Stored data entries
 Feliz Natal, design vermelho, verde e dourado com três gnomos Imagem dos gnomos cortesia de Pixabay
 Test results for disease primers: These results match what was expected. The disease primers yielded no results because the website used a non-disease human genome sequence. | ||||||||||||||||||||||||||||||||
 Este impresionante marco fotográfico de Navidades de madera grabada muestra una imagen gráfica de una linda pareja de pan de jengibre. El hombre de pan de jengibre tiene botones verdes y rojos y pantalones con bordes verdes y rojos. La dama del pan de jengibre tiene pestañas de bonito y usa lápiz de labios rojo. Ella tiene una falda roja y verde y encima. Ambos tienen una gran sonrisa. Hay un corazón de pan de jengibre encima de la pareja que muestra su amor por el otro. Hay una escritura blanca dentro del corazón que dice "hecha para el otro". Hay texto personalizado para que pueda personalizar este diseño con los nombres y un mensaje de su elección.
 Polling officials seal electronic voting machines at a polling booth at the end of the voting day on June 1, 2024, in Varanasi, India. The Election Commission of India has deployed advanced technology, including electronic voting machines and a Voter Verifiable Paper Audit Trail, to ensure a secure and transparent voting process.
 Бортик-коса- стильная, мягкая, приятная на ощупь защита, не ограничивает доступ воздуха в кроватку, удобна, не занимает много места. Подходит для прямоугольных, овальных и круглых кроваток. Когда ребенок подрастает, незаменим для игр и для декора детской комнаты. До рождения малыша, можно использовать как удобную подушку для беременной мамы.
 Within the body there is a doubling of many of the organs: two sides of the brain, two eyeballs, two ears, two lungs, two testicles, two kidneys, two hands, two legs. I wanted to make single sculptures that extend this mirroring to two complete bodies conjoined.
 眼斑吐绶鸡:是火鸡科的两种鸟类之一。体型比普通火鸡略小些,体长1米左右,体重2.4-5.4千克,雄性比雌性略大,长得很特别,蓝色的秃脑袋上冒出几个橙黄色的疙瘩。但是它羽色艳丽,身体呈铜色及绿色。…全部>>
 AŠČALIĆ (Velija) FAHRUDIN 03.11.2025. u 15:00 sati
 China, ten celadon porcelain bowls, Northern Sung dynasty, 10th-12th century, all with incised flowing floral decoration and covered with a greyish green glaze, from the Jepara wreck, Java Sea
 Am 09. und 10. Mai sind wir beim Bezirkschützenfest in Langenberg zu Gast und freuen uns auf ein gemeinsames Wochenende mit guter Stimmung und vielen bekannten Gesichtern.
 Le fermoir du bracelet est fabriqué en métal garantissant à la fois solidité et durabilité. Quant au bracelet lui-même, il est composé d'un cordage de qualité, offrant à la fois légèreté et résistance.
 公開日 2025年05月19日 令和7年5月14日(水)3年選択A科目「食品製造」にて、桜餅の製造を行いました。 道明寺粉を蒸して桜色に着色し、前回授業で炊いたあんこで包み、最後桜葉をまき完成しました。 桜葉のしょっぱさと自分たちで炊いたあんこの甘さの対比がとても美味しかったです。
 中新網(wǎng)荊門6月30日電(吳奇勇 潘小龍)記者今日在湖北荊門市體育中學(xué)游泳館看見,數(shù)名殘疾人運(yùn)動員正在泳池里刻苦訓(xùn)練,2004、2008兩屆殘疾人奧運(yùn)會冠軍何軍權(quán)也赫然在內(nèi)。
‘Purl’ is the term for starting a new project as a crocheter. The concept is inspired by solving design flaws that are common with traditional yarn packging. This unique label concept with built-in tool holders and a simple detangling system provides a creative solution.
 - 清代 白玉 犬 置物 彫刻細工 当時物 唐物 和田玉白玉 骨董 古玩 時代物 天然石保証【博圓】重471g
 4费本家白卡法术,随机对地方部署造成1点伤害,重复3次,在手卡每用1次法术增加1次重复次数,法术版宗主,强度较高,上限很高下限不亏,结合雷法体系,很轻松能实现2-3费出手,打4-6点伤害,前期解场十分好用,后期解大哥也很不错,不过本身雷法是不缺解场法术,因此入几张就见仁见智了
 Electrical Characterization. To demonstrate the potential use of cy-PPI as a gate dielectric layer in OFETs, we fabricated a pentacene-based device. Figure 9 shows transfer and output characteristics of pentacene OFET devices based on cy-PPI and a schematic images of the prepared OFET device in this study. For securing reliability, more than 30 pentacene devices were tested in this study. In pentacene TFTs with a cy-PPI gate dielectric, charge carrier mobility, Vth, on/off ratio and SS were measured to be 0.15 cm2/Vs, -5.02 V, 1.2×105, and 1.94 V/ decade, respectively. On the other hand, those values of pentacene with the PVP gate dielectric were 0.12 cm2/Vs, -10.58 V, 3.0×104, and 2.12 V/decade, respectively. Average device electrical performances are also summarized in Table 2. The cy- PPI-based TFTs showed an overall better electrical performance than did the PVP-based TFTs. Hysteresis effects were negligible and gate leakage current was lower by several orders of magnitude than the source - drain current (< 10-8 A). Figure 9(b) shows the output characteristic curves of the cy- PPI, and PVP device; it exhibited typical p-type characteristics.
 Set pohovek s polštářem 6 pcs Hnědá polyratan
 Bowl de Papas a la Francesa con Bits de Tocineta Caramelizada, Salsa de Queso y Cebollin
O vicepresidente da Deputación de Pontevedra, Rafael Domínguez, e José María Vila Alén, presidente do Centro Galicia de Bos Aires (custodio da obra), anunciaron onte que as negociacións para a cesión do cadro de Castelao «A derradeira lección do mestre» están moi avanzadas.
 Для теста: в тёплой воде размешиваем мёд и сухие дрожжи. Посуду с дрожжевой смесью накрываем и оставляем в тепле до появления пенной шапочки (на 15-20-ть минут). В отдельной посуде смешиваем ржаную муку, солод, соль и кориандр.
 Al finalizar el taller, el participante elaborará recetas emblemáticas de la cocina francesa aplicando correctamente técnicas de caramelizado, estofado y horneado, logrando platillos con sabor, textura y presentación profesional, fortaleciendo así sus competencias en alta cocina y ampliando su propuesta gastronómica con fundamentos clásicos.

#### WHAT TO PRODUCE:
Give back each entry exactly as it was written.

#### TASK RESULT:
 Feliz Natal, design vermelho, verde e dourado com três gnomos Imagem dos gnomos cortesia de Pixabay
 Test results for disease primers: These results match what was expected. The disease primers yielded no results because the website used a non-disease human genome sequence. | ||||||||||||||||||||||||||||||||
 Este impresionante marco fotográfico de Navidades de madera grabada muestra una imagen gráfica de una linda pareja de pan de jengibre. El hombre de pan de jengibre tiene botones verdes y rojos y pantalones con bordes verdes y rojos. La dama del pan de jengibre tiene pestañas de bonito y usa lápiz de labios rojo. Ella tiene una falda roja y verde y encima. Ambos tienen una gran sonrisa. Hay un corazón de pan de jengibre encima de la pareja que muestra su amor por el otro. Hay una escritura blanca dentro del corazón que dice "hecha para el otro". Hay texto personalizado para que pueda personalizar este diseño con los nombres y un mensaje de su elección.
 Polling officials seal electronic voting machines at a polling booth at the end of the voting day on June 1, 2024, in Varanasi, India. The Election Commission of India has deployed advanced technology, including electronic voting machines and a Voter Verifiable Paper Audit Trail, to ensure a secure and transparent voting process.
 Бортик-коса- стильная, мягкая, приятная на ощупь защита, не ограничивает доступ воздуха в кроватку, удобна, не занимает много места. Подходит для прямоугольных, овальных и круглых кроваток. Когда ребенок подрастает, незаменим для игр и для декора детской комнаты. До рождения малыша, можно использовать как удобную подушку для беременной мамы.
 Within the body there is a doubling of many of the organs: two sides of the brain, two eyeballs, two ears, two lungs, two testicles, two kidneys, two hands, two legs. I wanted to make single sculptures that extend this mirroring to two complete bodies conjoined.
 眼斑吐绶鸡:是火鸡科的两种鸟类之一。体型比普通火鸡略小些,体长1米左右,体重2.4-5.4千克,雄性比雌性略大,长得很特别,蓝色的秃脑袋上冒出几个橙黄色的疙瘩。但是它羽色艳丽,身体呈铜色及绿色。…全部>>
 AŠČALIĆ (Velija) FAHRUDIN 03.11.2025. u 15:00 sati
 China, ten celadon porcelain bowls, Northern Sung dynasty, 10th-12th century, all with incised flowing floral decoration and covered with a greyish green glaze, from the Jepara wreck, Java Sea
 Am 09. und 10. Mai sind wir beim Bezirkschützenfest in Langenberg zu Gast und freuen uns auf ein gemeinsames Wochenende mit guter Stimmung und vielen bekannten Gesichtern.
 Le fermoir du bracelet est fabriqué en métal garantissant à la fois solidité et durabilité. Quant au bracelet lui-même, il est composé d'un cordage de qualité, offrant à la fois légèreté et résistance.
 公開日 2025年05月19日 令和7年5月14日(水)3年選択A科目「食品製造」にて、桜餅の製造を行いました。 道明寺粉を蒸して桜色に着色し、前回授業で炊いたあんこで包み、最後桜葉をまき完成しました。 桜葉のしょっぱさと自分たちで炊いたあんこの甘さの対比がとても美味しかったです。
 中新網(wǎng)荊門6月30日電(吳奇勇 潘小龍)記者今日在湖北荊門市體育中學(xué)游泳館看見,數(shù)名殘疾人運(yùn)動員正在泳池里刻苦訓(xùn)練,2004、2008兩屆殘疾人奧運(yùn)會冠軍何軍權(quán)也赫然在內(nèi)。
‘Purl’ is the term for starting a new project as a crocheter. The concept is inspired by solving design flaws that are common with traditional yarn packging. This unique label concept with built-in tool holders and a simple detangling system provides a creative solution.
 - 清代 白玉 犬 置物 彫刻細工 当時物 唐物 和田玉白玉 骨董 古玩 時代物 天然石保証【博圓】重471g
 4费本家白卡法术,随机对地方部署造成1点伤害,重复3次,在手卡每用1次法术增加1次重复次数,法术版宗主,强度较高,上限很高下限不亏,结合雷法体系,很轻松能实现2-3费出手,打4-6点伤害,前期解场十分好用,后期解大哥也很不错,不过本身雷法是不缺解场法术,因此入几张就见仁见智了
 Electrical Characterization. To demonstrate the potential use of cy-PPI as a gate dielectric layer in OFETs, we fabricated a pentacene-based device. Figure 9 shows transfer and output characteristics of pentacene OFET devices based on cy-PPI and a schematic images of the prepared OFET device in this study. For securing reliability, more than 30 pentacene devices were tested in this study. In pentacene TFTs with a cy-PPI gate dielectric, charge carrier mobility, Vth, on/off ratio and SS were measured to be 0.15 cm2/Vs, -5.02 V, 1.2×105, and 1.94 V/ decade, respectively. On the other hand, those values of pentacene with the PVP gate dielectric were 0.12 cm2/Vs, -10.58 V, 3.0×104, and 2.12 V/decade, respectively. Average device electrical performances are also summarized in Table 2. The cy- PPI-based TFTs showed an overall better electrical performance than did the PVP-based TFTs. Hysteresis effects were negligible and gate leakage current was lower by several orders of magnitude than the source - drain current (< 10-8 A). Figure 9(b) shows the output characteristic curves of the cy- PPI, and PVP device; it exhibited typical p-type characteristics.
 Set pohovek s polštářem 6 pcs Hnědá polyratan
 Bowl de Papas a la Francesa con Bits de Tocineta Caramelizada, Salsa de Queso y Cebollin
O vicepresidente da Deputación de Pontevedra, Rafael Domínguez, e José María Vila Alén, presidente do Centro Galicia de Bos Aires (custodio da obra), anunciaron onte que as negociacións para a cesión do cadro de Castelao «A derradeira lección do mestre» están moi avanzadas.
 Для теста: в тёплой воде размешиваем мёд и сухие дрожжи. Посуду с дрожжевой смесью накрываем и оставляем в тепле до появления пенной шапочки (на 15-20-ть минут). В отдельной посуде смешиваем ржаную муку, солод, соль и кориандр.
 Al finalizar el taller, el participante elaborará recetas emblemáticas de la cocina francesa aplicando correctamente técnicas de caramelizado, estofado y horneado, logrando platillos con sabor, textura y presentación profesional, fortaleciendo así sus competencias en alta cocina y ampliando su propuesta gastronómica con fundamentos clásicos.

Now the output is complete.